§ Your instructions
Look below for the line with "Второй, не менее" and the line with "Dragging up and". Copy exactly those two lines and every line between, but not the pictures.

§ Supplied entries

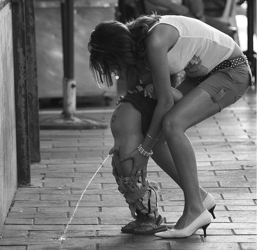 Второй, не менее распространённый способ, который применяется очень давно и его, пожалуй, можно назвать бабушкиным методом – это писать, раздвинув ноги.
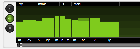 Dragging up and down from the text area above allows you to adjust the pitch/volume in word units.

==

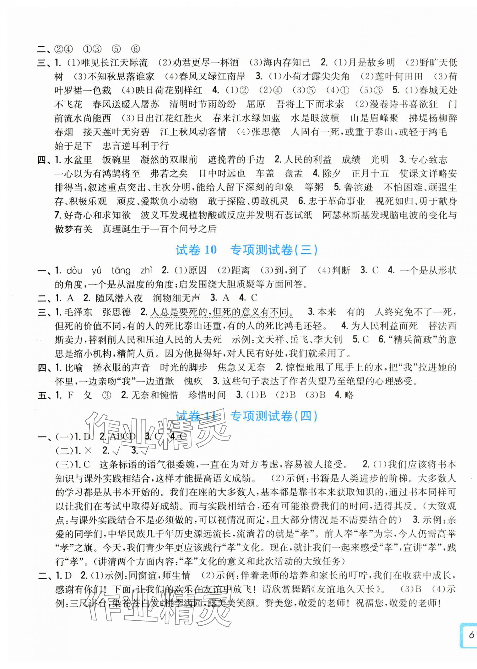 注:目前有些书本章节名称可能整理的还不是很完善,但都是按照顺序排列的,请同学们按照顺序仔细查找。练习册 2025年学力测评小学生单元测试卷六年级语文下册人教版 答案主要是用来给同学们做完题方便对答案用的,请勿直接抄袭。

---

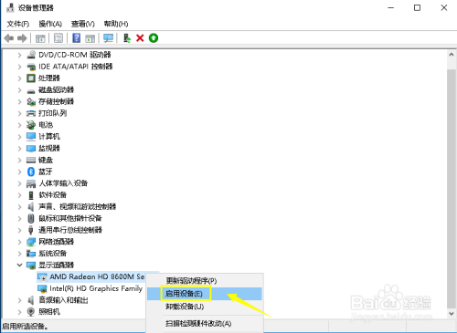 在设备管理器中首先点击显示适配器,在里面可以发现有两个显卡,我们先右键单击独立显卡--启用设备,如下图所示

§ Output for this task
 Второй, не менее распространённый способ, который применяется очень давно и его, пожалуй, можно назвать бабушкиным методом – это писать, раздвинув ноги.
 Dragging up and down from the text area above allows you to adjust the pitch/volume in word units.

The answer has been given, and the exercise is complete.